Are you an executor of an estate?   The legal and tax ramifications can be daunting.  However, Congress has provided some relief from the burden of taxation. Significant provisions of the Economic Growth and Tax Relief Reconciliation Act of 2001 (the “EGTRRA”) and the Jobs and Growth Tax Relief Reconciliation Act of 2003 (the “JGTRRA”) were scheduled to expire at the end of 2010. With the signing of the Jobs Creation Act of 2010, these provisions have now been extended through the end of 2012.

Some of the provisions pertain to Estate Tax.  From the December BDO Alliance USA ‘BDO Knows’ article ,  here is a brief summary of what is covered under the extension:


Prior Law

The EGTRRA phased out the estate and generation-skipping transfer taxes over a period of several years, with both taxes fully repealed in 2010. The EGTRRA also provided for carryover basis rules for assets passing through certain estates in 2010. In addition the EGTRRA decoupled the gift tax from the estate tax.   Under the EGTRRA provisions the gift tax rate is 35% in 2010, with a lifetime credit equivalent to an exclusion of the first $1,000,000 of otherwise taxable gifts.   All these provisions expire at the end of 2010, at which point the estate, generation–skipping transfer, and gift taxes would have been reinstated at pre-2001 levels.
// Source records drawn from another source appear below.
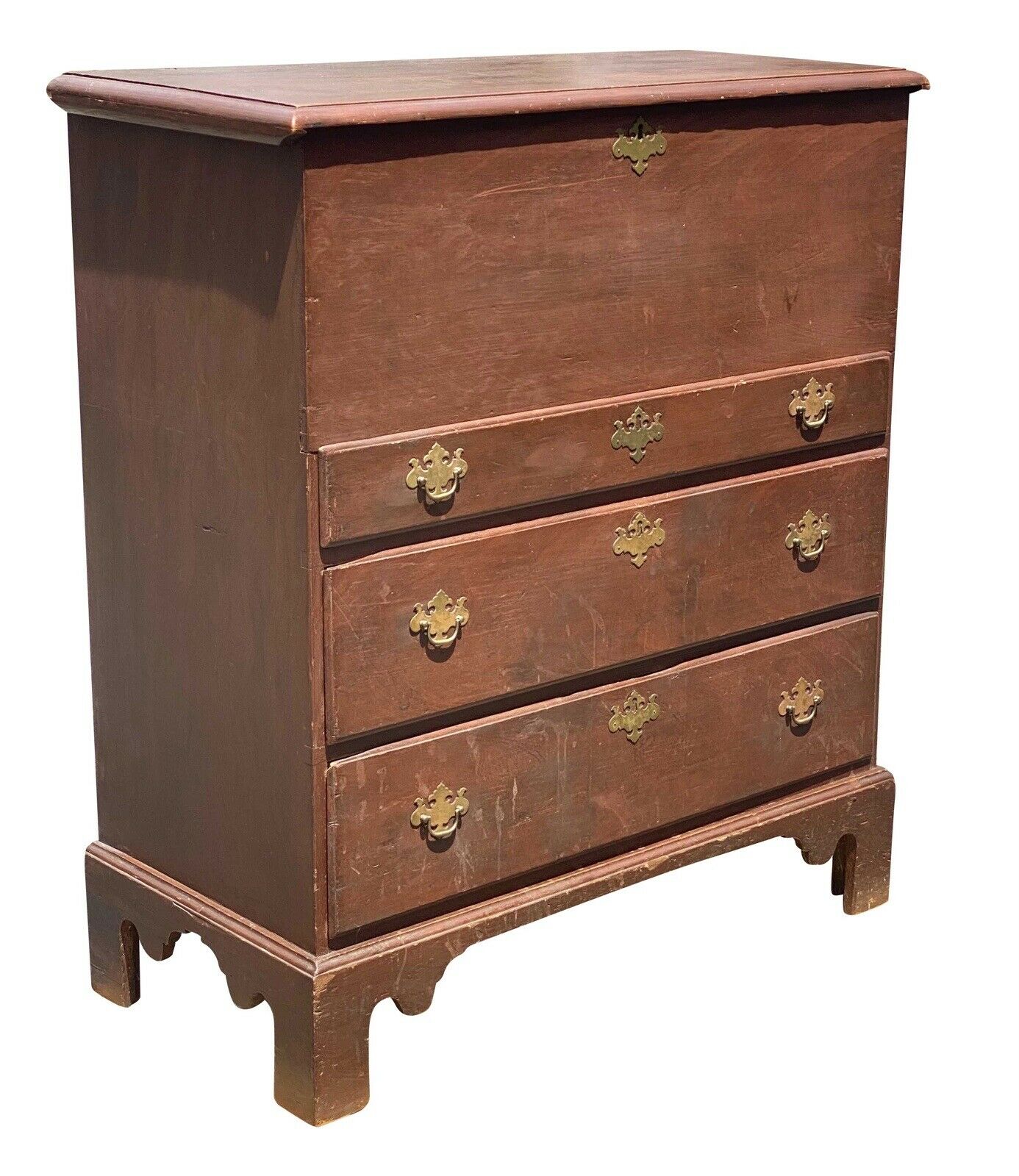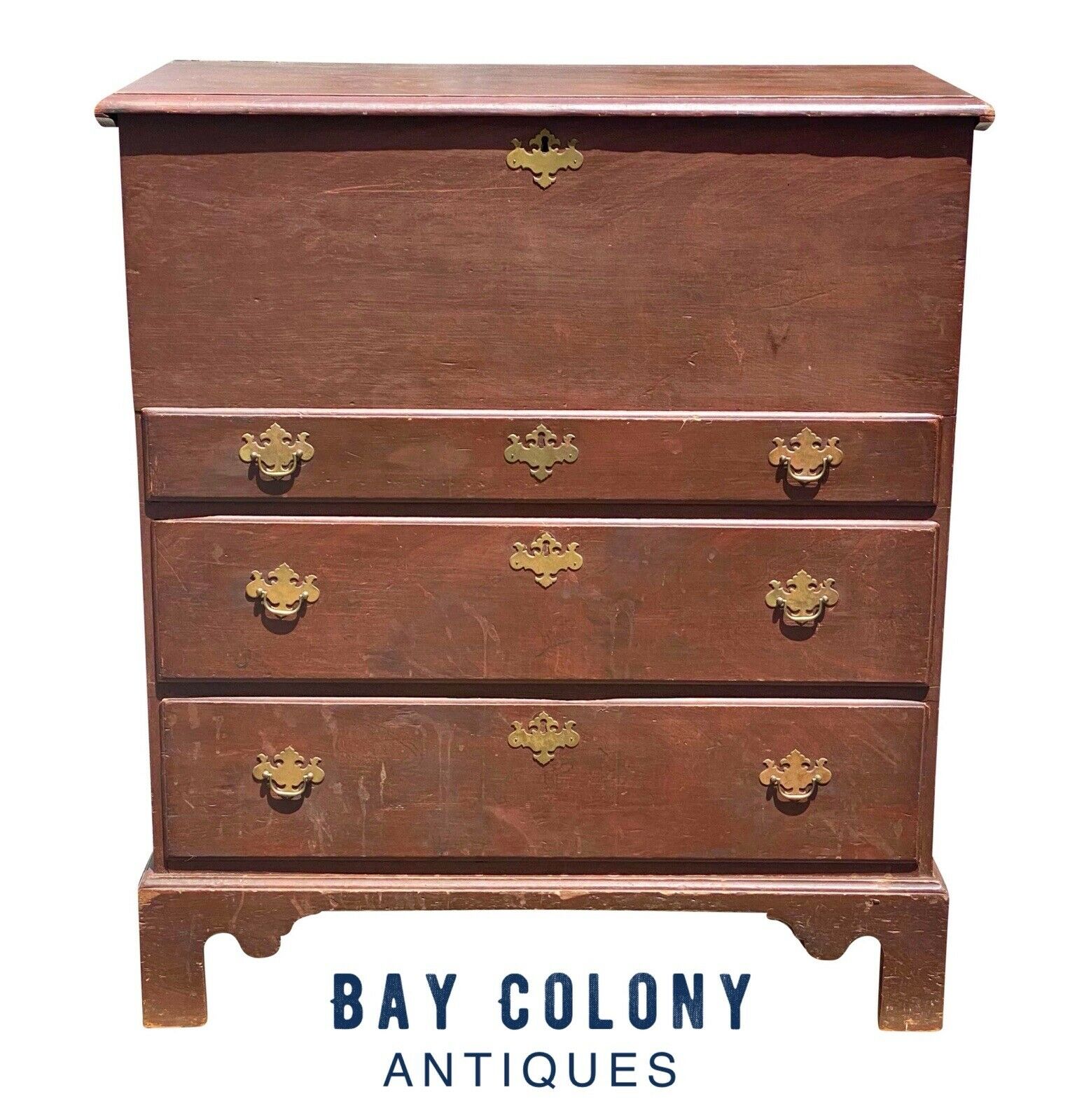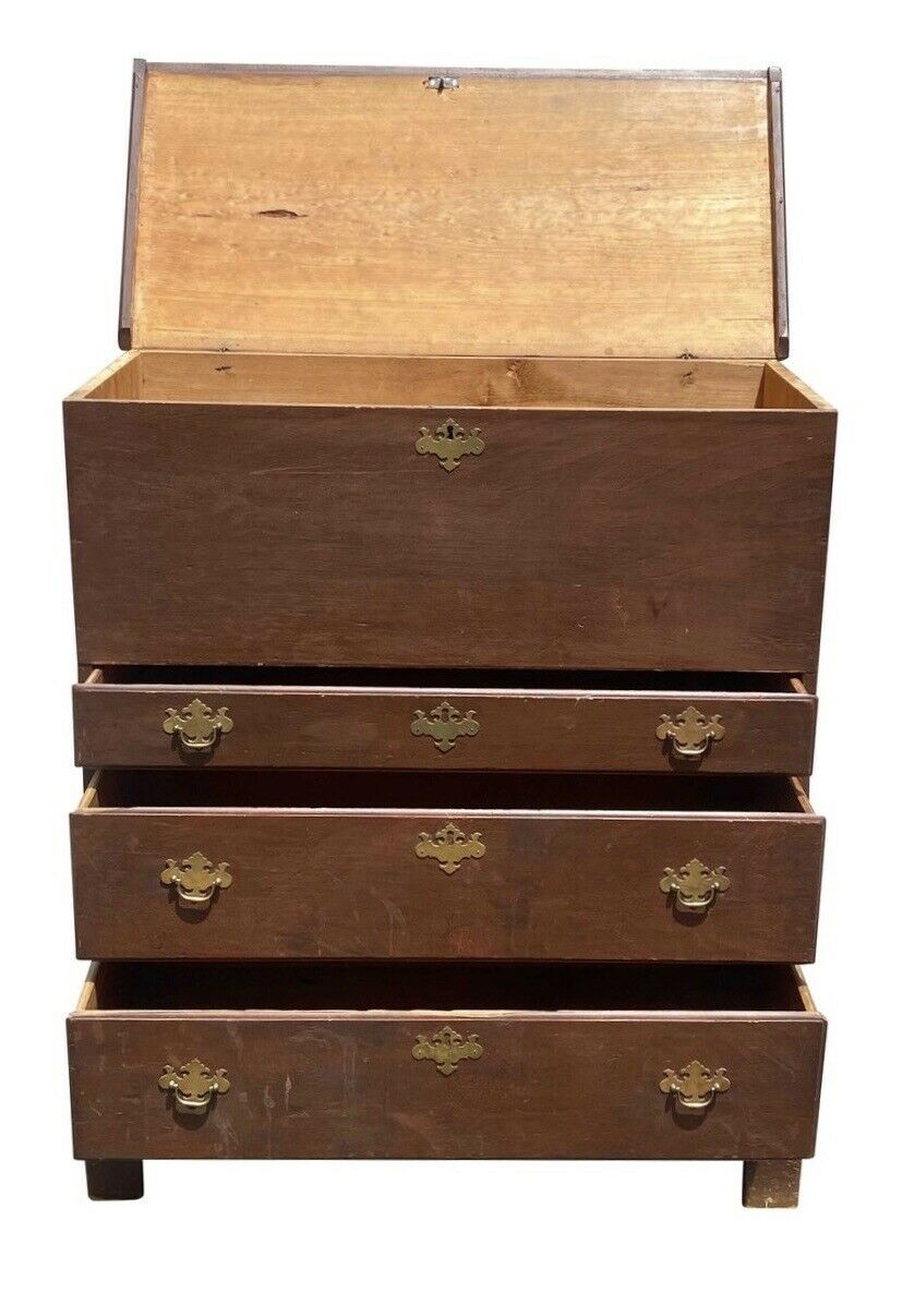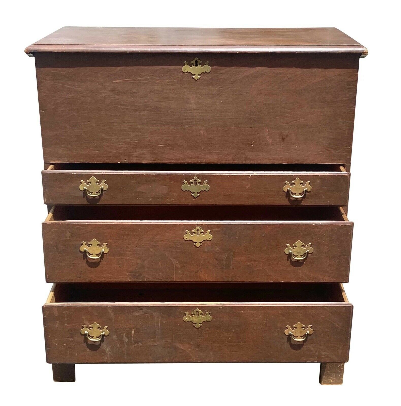 Bay Colony Antiques is pleased to offer for sale this fantastic 18th century grain painted blanket box / chest. The chest has three drawers all with their original brass hardware and the chest retains it’s original hinges, lock, and hasp. The drawers have hand cut dovetails and hand chamfered bottoms and are rich with tool & scribe marks. The chest has a two board back with original rose head nails and the original hinges are still present and work as intended. We photographed this in bright sunlight and the grain painting is a little faded because of it’s age but can be best seen in our side shots. The chest exhibits nice proportions on an elongated bracket base with a great scrolling pattern. The chest measures 37 1/2” wide x 18 1/4” deep x 43” tall. When the lift top is fully open the height is 60 1/4” tall. The upper cavity has useable dimensions of 34 1/2” wide x 15 1/2” deep x 11 7/8” tall.
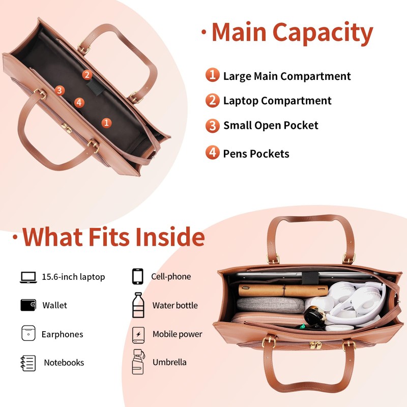 - Versatility 15.6'' Laptop Bag: This leather tote bag with its size of 17.1" x 6.3" x 12.2"(L*W*H), presents ample space complemented by multiple compartments. The upper area of the cooler compartment can hold your laptop, charger, notebook and stationery. Specifically designed for the busy professional ladies, the laptop briefcase keeps everything organized and easily accessible. The adjustable handle spans a length from 8.6 to 11.8 inches, and the shoulder strap is from 28 to 49 inches.
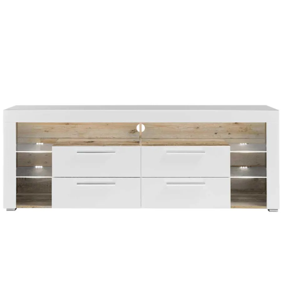- Stylisches TV-Board in Weiß und Altholzoptik

A rate of 55% would have applied to transfers subject to both the estate and gift tax, with the lifetime credit equivalent to an exclusion of $1,000,000.

What this means:   Transferred estates won’t be subject to Gift Tax as well.


Estate Tax Provisions and the EGTRRAReinstatement of Estate Tax/Generation Skipping Tax

The Act reinstates the estate tax for 2010 through 2012 with a top tax rate of 35%, but with special transitional provisions in effect for 2010 only.  The individual lifetime credit amount is increased to an equivalent exemption of $5 million ($10 million per couple). The carryover basis rules are eliminated beginning in 2011.  For estates of decedents dying in 2010, the estate can elect to either apply the new estate tax provisions of the Act or apply the carryover basis rules of the EGTRRA and pay no estate tax. The generation-skipping transfer tax is also reinstated effective for 2010-2012 with a $5 million exemption amount for each of these years.   The flat tax rate for GST transfers will be 0% for 2010 and 35% for 2011 and 2012. The zero percent tax rate for 2010 eliminates any tax on GST taxable transfers occurring in 2010.  Irrevocable transfers to trusts in 2010 that have a potential for future generation skipping transfers post 2010 would be subject to the GST tax at that time depending on the inclusion ratio of the trust.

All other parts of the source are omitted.